*Try it*. Write back every line of the listing exactly, excluding images.

*Data*.
- - - -
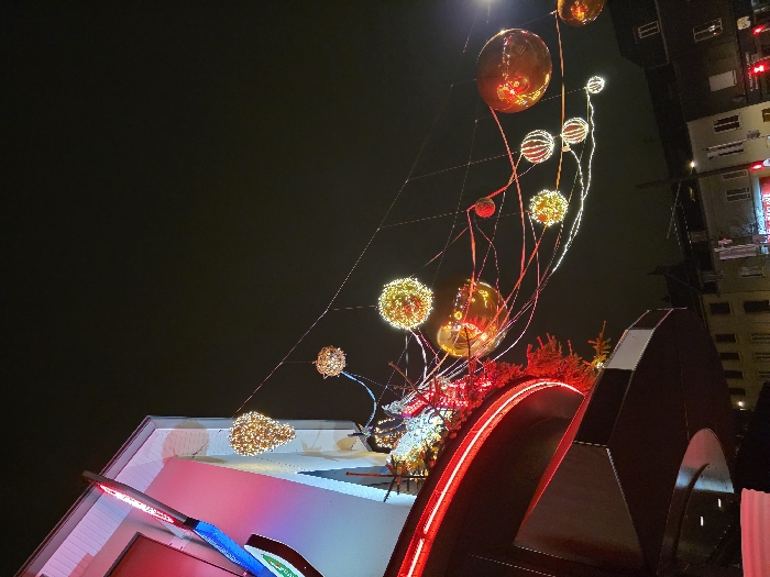 Nighttime view of festive decorations. Illuminated spheres of varying sizes ascend on thin cables. Below, a building roof is visible, adorned with red lighting and decorative reindeer figures. A prominent architectural structure with a red illuminated arch dominates the foreground, juxtaposed against taller buildings in the background.
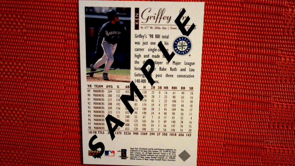 1999 UD - SP Authentic - KEN GRIFFEY JR - Sample Card - #1 - Seattle Mariners
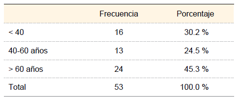 En el presente estudio se revisaron 150 expedientes de pacientes operados por trasplante de córnea, de los cuales 53 (35.3 %) presentaron rechazo del trasplante corneal. El rechazo fue más frecuente en la población masculina, con 31 pacientes (58.4 %), mientras que en la población femenina 22 pacientes (41.5 %) presentaron recahazo; el ojo derecho fue más afectado, con 29 (54.7 %) frente a 24 casos (45.2 %). La distribución por grupos de edad se muestra en el cuadro II. La distribución de casos de rechazo en función del diagnóstico preoperatorio se muestra en el cuadro III.
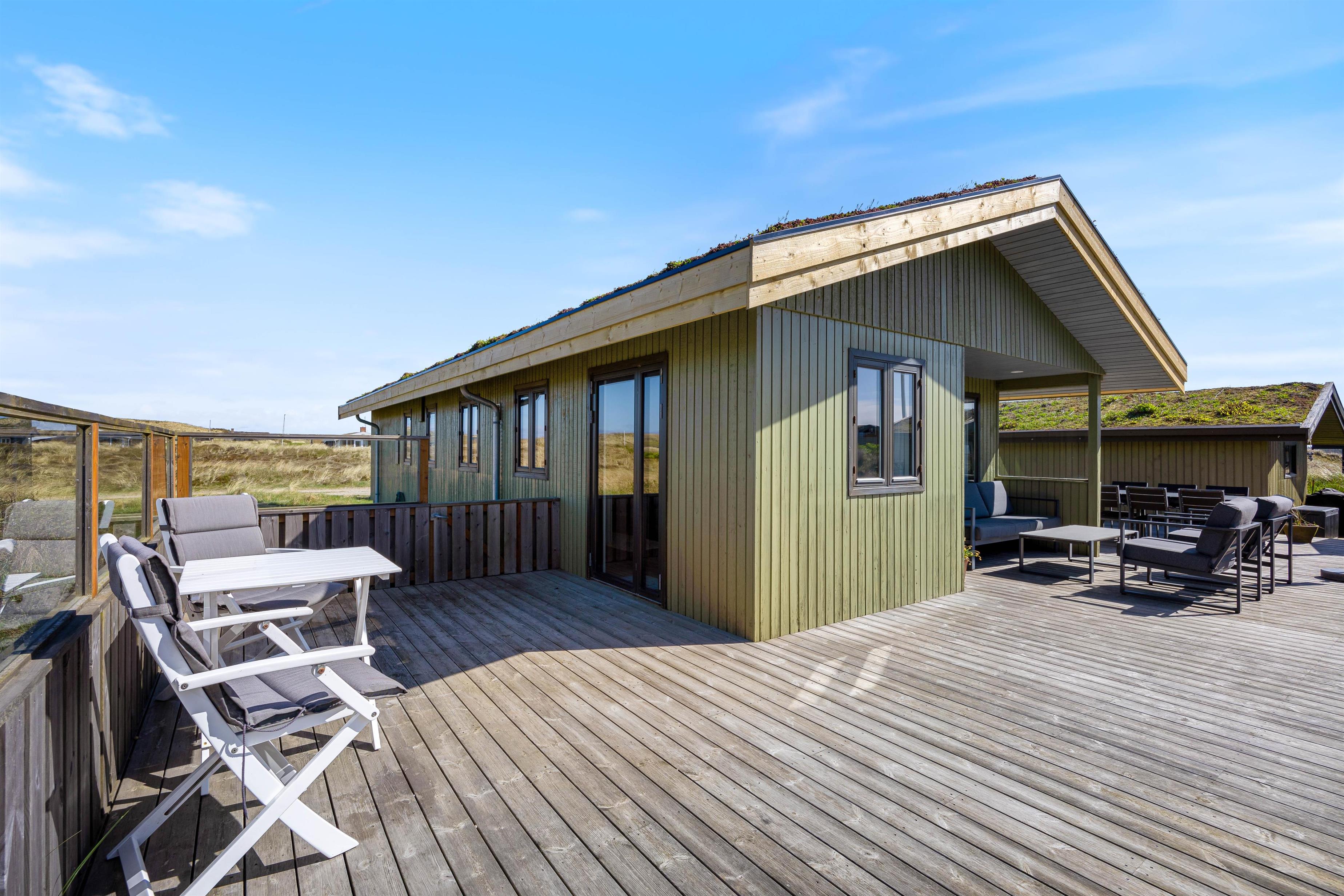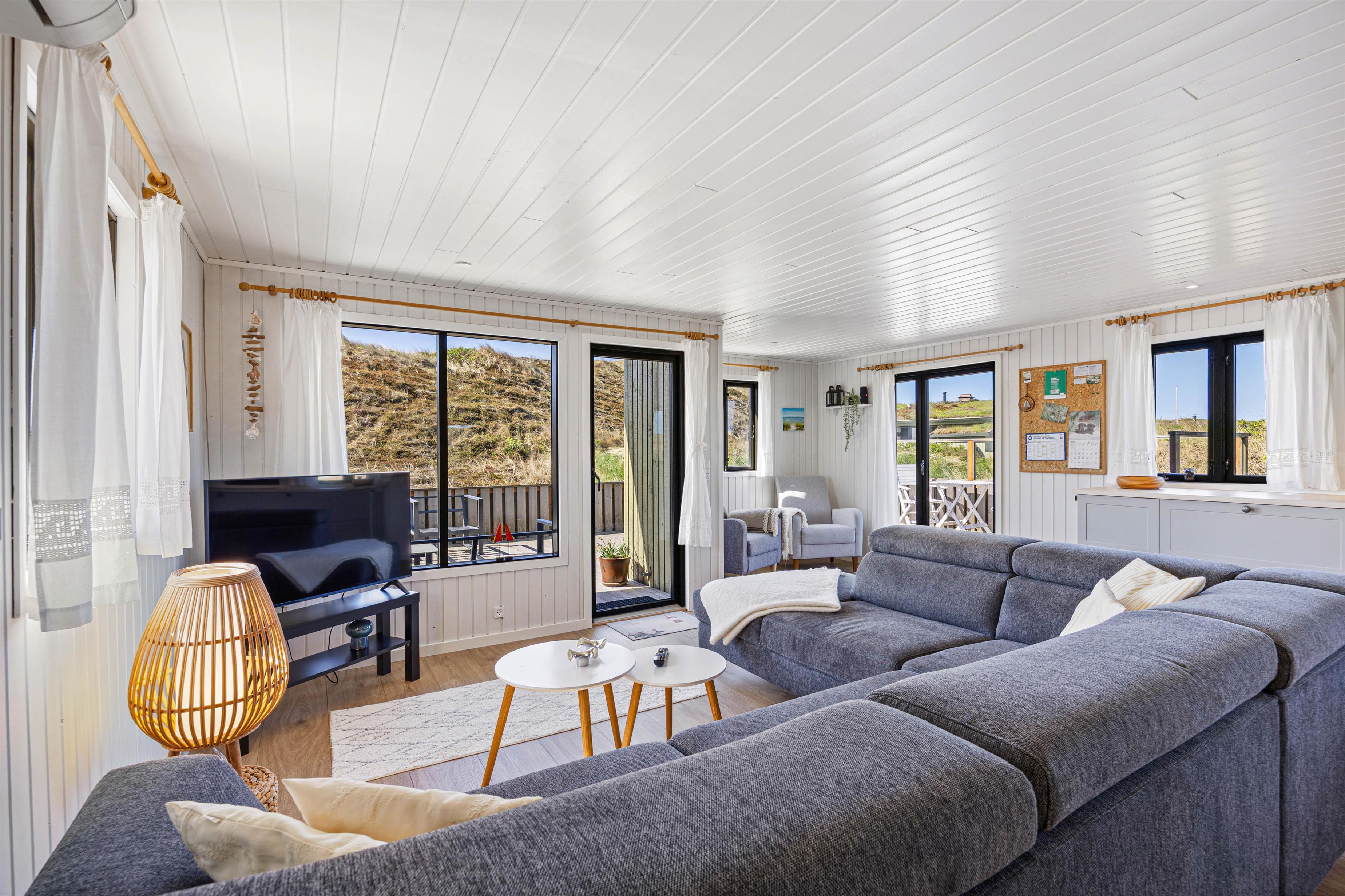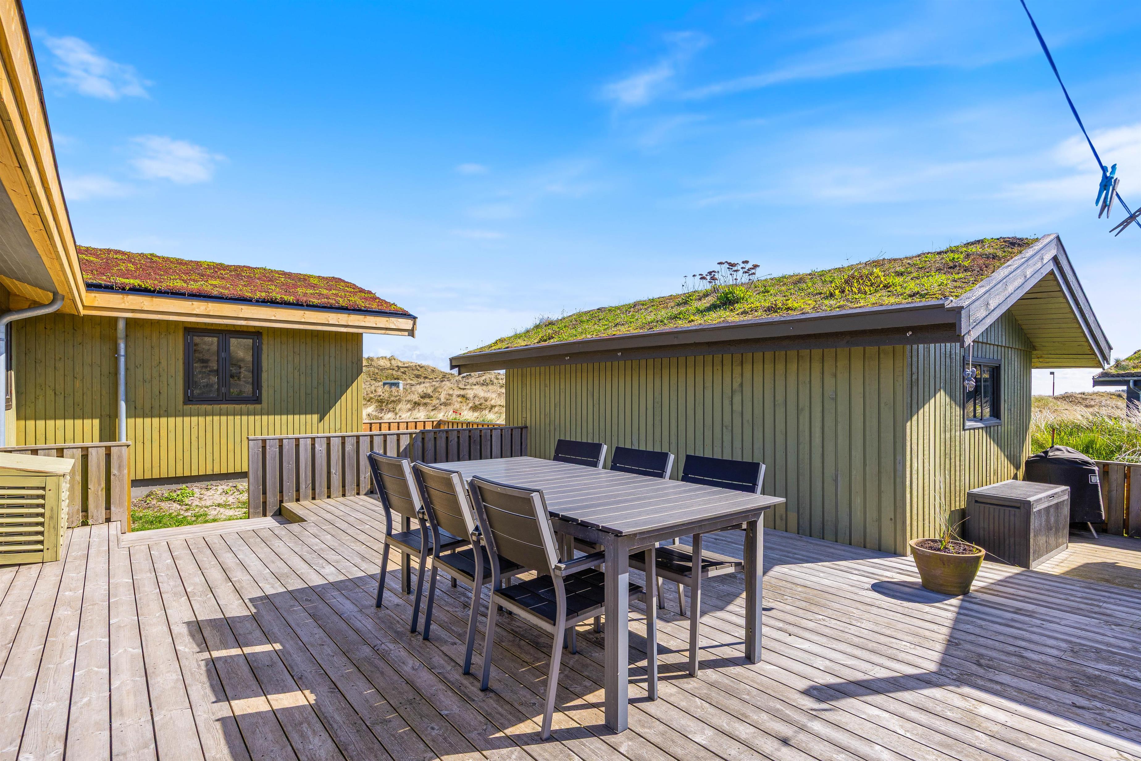 Om aftenen kan I tænde op i grillen, som også står til rådighed for jer på terrassen. Efter en lækker grillmiddag på terrassen med et godt glas vin til, kan I gå en tur til stranden, hvor I kan opleve en smuk og uforglemmelig solnedgang. Sommerhuset ligger kun 250 meter fra Vesterhavet, og I kan hurtigt nå til de smukke sandstrande og friske bølger. Med den korte afstand til stranden og Vesterhavet kan I også høre lyden af havets brusen, mens I er på terrassen.
- - - -
*Output for this task*.
 Nighttime view of festive decorations. Illuminated spheres of varying sizes ascend on thin cables. Below, a building roof is visible, adorned with red lighting and decorative reindeer figures. A prominent architectural structure with a red illuminated arch dominates the foreground, juxtaposed against taller buildings in the background.
 1999 UD - SP Authentic - KEN GRIFFEY JR - Sample Card - #1 - Seattle Mariners
 En el presente estudio se revisaron 150 expedientes de pacientes operados por trasplante de córnea, de los cuales 53 (35.3 %) presentaron rechazo del trasplante corneal. El rechazo fue más frecuente en la población masculina, con 31 pacientes (58.4 %), mientras que en la población femenina 22 pacientes (41.5 %) presentaron recahazo; el ojo derecho fue más afectado, con 29 (54.7 %) frente a 24 casos (45.2 %). La distribución por grupos de edad se muestra en el cuadro II. La distribución de casos de rechazo en función del diagnóstico preoperatorio se muestra en el cuadro III.
 Om aftenen kan I tænde op i grillen, som også står til rådighed for jer på terrassen. Efter en lækker grillmiddag på terrassen med et godt glas vin til, kan I gå en tur til stranden, hvor I kan opleve en smuk og uforglemmelig solnedgang. Sommerhuset ligger kun 250 meter fra Vesterhavet, og I kan hurtigt nå til de smukke sandstrande og friske bølger. Med den korte afstand til stranden og Vesterhavet kan I også høre lyden af havets brusen, mens I er på terrassen.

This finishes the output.